- [Provided material]:
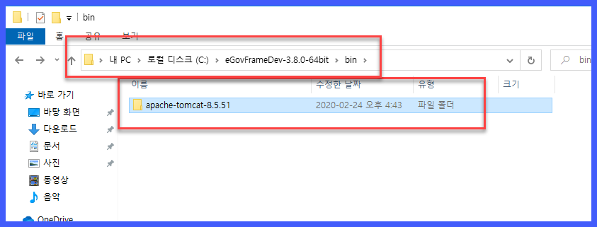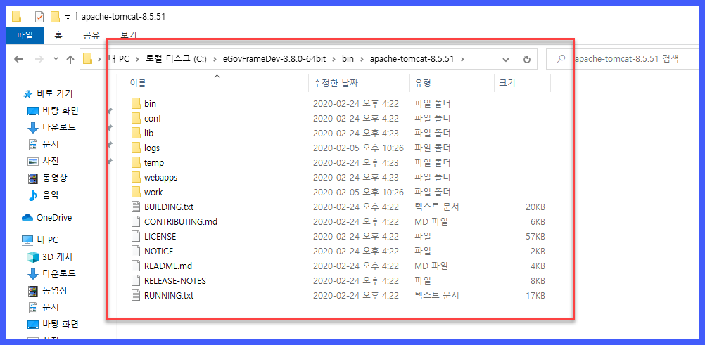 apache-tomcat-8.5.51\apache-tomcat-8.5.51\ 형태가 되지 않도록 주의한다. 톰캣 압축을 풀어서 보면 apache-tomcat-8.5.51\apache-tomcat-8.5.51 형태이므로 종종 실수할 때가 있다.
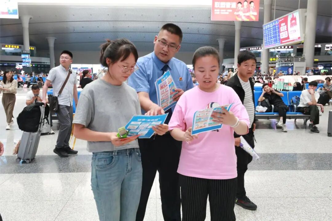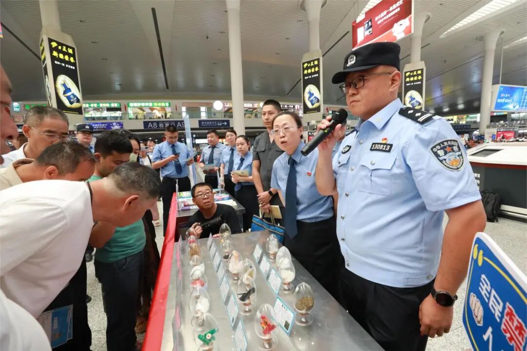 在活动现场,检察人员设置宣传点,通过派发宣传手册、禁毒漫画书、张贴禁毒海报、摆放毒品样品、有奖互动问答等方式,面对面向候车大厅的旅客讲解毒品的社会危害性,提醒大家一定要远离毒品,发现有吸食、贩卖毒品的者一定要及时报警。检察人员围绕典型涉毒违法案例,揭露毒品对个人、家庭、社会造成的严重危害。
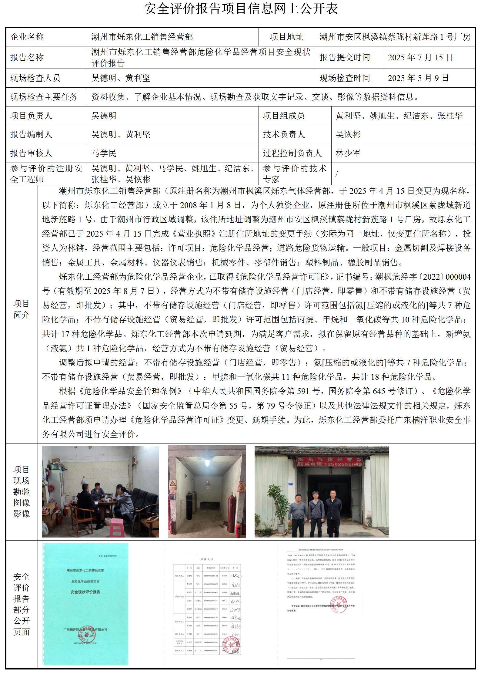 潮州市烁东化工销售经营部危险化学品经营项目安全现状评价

- [Exercise requirements]: Reproduce the full listing verbatim so that only the pictures are missing.

- [Response to the task]:
 apache-tomcat-8.5.51\apache-tomcat-8.5.51\ 형태가 되지 않도록 주의한다. 톰캣 압축을 풀어서 보면 apache-tomcat-8.5.51\apache-tomcat-8.5.51 형태이므로 종종 실수할 때가 있다.
 在活动现场,检察人员设置宣传点,通过派发宣传手册、禁毒漫画书、张贴禁毒海报、摆放毒品样品、有奖互动问答等方式,面对面向候车大厅的旅客讲解毒品的社会危害性,提醒大家一定要远离毒品,发现有吸食、贩卖毒品的者一定要及时报警。检察人员围绕典型涉毒违法案例,揭露毒品对个人、家庭、社会造成的严重危害。
 潮州市烁东化工销售经营部危险化学品经营项目安全现状评价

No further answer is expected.